• _TASK TO CARRY OUT_
Within the records below, find the line with "Combining black and" and the line with "ニットコードを編み込んだレー", then reproduce exactly those two lines and all lines between them, without any picture.

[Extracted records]
__________________________________________________

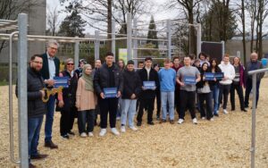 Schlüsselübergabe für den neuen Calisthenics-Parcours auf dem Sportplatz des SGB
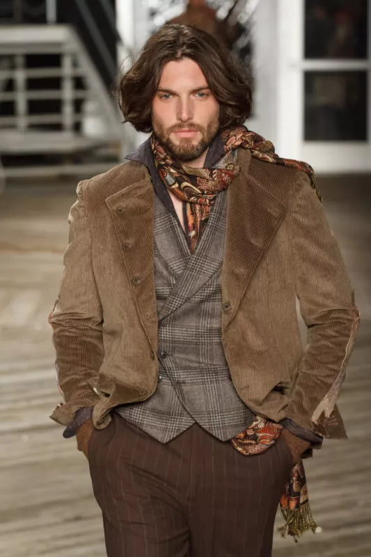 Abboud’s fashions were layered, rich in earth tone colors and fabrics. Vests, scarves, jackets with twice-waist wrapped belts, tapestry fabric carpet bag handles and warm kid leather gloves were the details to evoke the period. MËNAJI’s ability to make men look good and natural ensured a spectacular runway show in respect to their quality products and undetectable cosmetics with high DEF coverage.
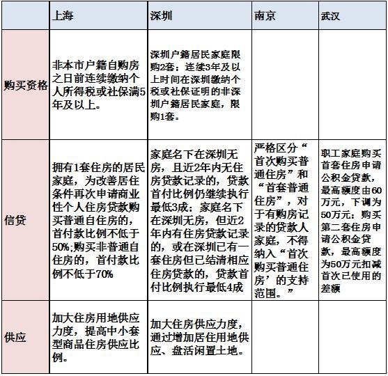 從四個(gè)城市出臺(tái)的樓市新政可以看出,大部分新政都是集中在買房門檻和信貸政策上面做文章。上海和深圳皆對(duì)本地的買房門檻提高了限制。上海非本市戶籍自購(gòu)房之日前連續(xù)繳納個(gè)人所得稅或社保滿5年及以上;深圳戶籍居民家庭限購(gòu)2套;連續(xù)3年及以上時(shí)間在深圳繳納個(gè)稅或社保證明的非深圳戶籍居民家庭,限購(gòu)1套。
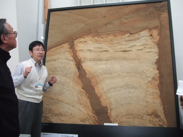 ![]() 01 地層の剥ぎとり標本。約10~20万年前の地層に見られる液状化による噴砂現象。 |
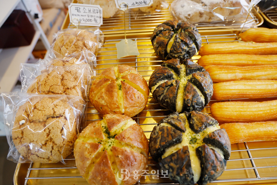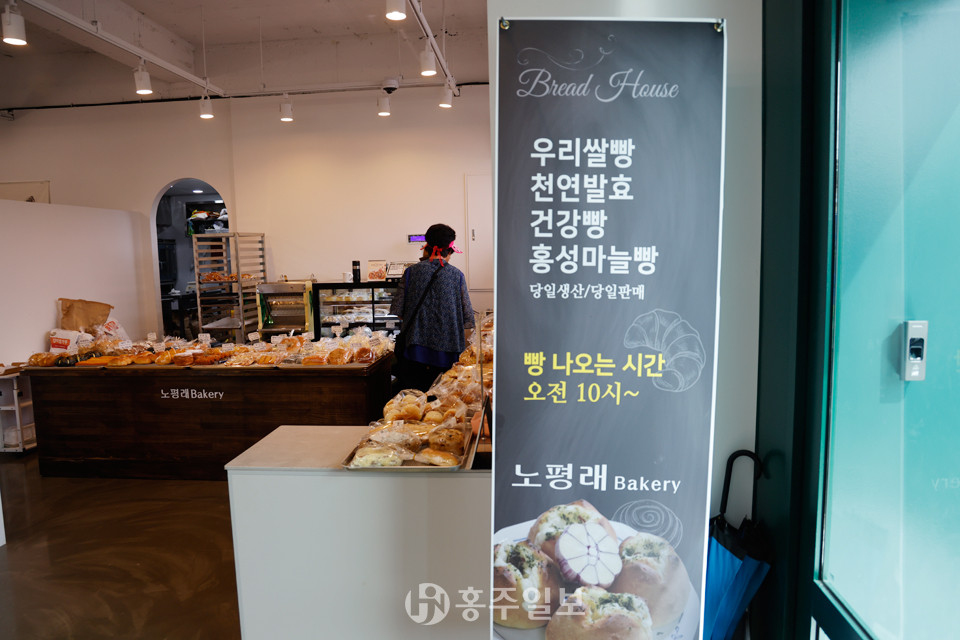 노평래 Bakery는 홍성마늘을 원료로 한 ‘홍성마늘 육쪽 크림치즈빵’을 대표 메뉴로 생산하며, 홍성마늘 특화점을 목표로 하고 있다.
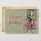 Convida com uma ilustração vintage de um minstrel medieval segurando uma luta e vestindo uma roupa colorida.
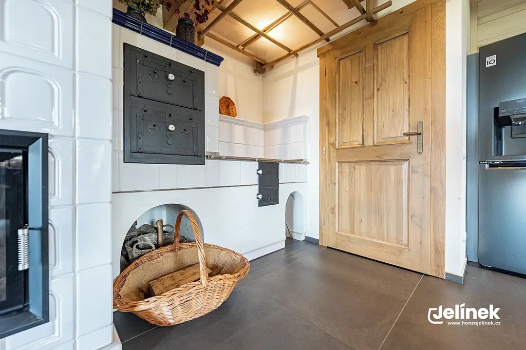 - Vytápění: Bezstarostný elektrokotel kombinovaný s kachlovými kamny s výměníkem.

__________________________________________________

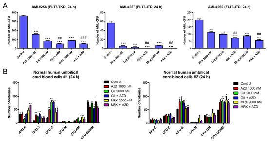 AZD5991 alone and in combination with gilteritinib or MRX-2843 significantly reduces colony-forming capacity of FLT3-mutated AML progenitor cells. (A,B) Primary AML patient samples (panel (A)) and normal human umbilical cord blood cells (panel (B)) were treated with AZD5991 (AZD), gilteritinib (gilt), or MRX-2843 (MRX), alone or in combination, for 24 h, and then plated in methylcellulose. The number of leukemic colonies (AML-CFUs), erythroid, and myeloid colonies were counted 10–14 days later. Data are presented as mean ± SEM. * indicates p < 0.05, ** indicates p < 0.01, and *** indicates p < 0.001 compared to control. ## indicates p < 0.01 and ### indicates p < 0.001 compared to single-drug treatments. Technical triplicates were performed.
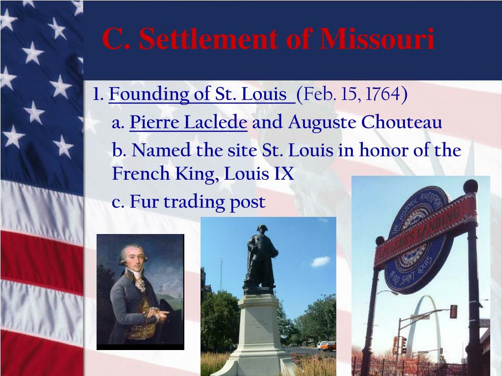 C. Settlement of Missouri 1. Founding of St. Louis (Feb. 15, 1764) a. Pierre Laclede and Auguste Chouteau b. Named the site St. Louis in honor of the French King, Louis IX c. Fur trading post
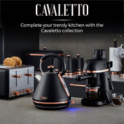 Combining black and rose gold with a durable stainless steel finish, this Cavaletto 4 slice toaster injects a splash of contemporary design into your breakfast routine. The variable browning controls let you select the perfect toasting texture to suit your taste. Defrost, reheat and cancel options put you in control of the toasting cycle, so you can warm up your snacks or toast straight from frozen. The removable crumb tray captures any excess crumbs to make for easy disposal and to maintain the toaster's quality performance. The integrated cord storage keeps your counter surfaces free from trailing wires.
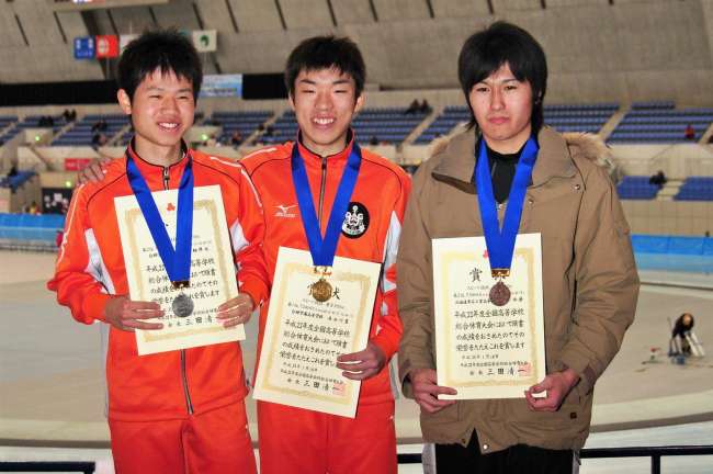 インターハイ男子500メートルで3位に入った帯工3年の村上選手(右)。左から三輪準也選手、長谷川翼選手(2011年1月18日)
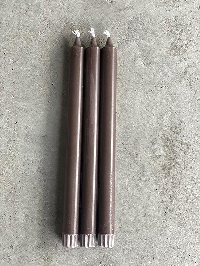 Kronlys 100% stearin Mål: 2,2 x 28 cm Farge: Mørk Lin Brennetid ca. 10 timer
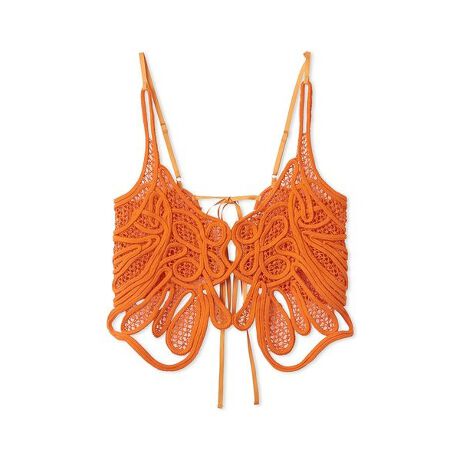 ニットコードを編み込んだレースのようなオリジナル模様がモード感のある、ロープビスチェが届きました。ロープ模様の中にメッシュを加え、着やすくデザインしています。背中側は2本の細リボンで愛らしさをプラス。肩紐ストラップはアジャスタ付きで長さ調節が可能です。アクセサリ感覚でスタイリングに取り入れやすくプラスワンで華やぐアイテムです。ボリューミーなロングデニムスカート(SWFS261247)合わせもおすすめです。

__________________________________________________

• _PROBLEM SOLUTION_
 Combining black and rose gold with a durable stainless steel finish, this Cavaletto 4 slice toaster injects a splash of contemporary design into your breakfast routine. The variable browning controls let you select the perfect toasting texture to suit your taste. Defrost, reheat and cancel options put you in control of the toasting cycle, so you can warm up your snacks or toast straight from frozen. The removable crumb tray captures any excess crumbs to make for easy disposal and to maintain the toaster's quality performance. The integrated cord storage keeps your counter surfaces free from trailing wires.
 インターハイ男子500メートルで3位に入った帯工3年の村上選手(右)。左から三輪準也選手、長谷川翼選手(2011年1月18日)
 Kronlys 100% stearin Mål: 2,2 x 28 cm Farge: Mørk Lin Brennetid ca. 10 timer
 ニットコードを編み込んだレースのようなオリジナル模様がモード感のある、ロープビスチェが届きました。ロープ模様の中にメッシュを加え、着やすくデザインしています。背中側は2本の細リボンで愛らしさをプラス。肩紐ストラップはアジャスタ付きで長さ調節が可能です。アクセサリ感覚でスタイリングに取り入れやすくプラスワンで華やぐアイテムです。ボリューミーなロングデニムスカート(SWFS261247)合わせもおすすめです。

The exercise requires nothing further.